Not Just for Kids: ‘A Million Suns’ by Beth Revis
A Million Suns
Razorbill: 387 pp. $18.99, ages 12 and older
More than 80 years ago, Aldous Huxley imagined a genetically engineered society whose inhabitants were willfully drugged into submission. In the “Across the Universe” trilogy, author Beth Revis takes that pioneering concept and sets it afloat in space with a cast of cloned and cryogenically frozen characters who, in the second installment of this bestselling sci-fi series, become increasingly mutinous.
As “A Million Suns” opens, it’s unclear if the ship, known as Godspeed, will live up to its well-intentioned name. Is it moving toward its destination or merely floating motionless in some unknown galaxy? No one understands Godspeed’s exact location in relation to the planet it’s been traveling toward for 250 years, but one thing is certain: The ship is falling apart.
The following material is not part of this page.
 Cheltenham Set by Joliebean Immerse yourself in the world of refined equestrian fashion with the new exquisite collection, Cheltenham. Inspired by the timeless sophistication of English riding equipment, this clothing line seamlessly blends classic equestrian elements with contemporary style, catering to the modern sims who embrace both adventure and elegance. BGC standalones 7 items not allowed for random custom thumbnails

The Feeders, or farmers, aren’t able to produce enough food. And Godspeed’s leadership is in question now that its new ruler, 16-year-old Elder, has taken its inhabitants off the drug that had supplicated them into allegiance for more than two centuries.
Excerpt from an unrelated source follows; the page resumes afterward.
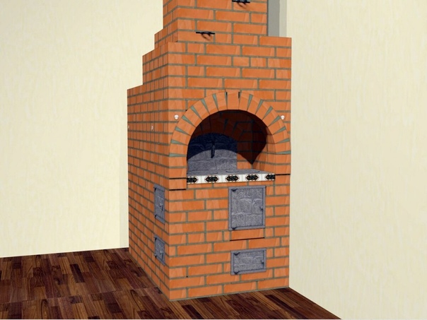 Печь кладется из кирпича, не занимает много места, при этом отличается высоким коэффициентом полезного действия.
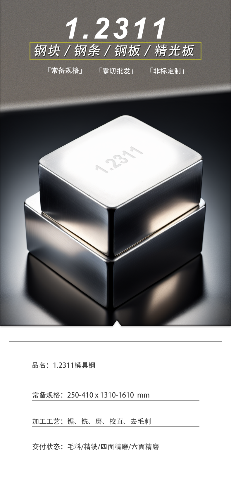 1.2311塑胶模具钢塑料钢工具钢模块精铣精磨定制

Elder is a clone who was bred to lead, but he’s new to the job. The former leader was killed off in the series opener, and his successor, Orion, was put on ice. But before Orion was bathed in cryogenic fluid and put in a deep freeze along with the other “frozens,” he recorded a series of video messages and hid them for Amy — who was born on Earth and, as Orion believes, can figure out the best solution to the ship’s problems, both mechanical and otherwise .
Like the series starter, “A Million Suns” is narrated in a manner that is in vogue in populist young-adult lit, with alternating boy and girl narrators who tell the story from their own points of view. In this case, the narrators are Elder and his love interest, and former frozen Amy, who lived in Colorado before being packed in a glass coffin aboard Godspeed. There are other earthlings on board, including her parents, but they’ve been frozen for decades — packed on the ship that’s home to 2,763 passengers and bound for a supposedly more hospitable planet, at which point they’re supposed to be thawed.
If only the ship can get there. Now that its inhabitants are no longer drugged, they are acting less like automatons and more like autonomous humans with individual thoughts and motivations, which include overthrowing Elder.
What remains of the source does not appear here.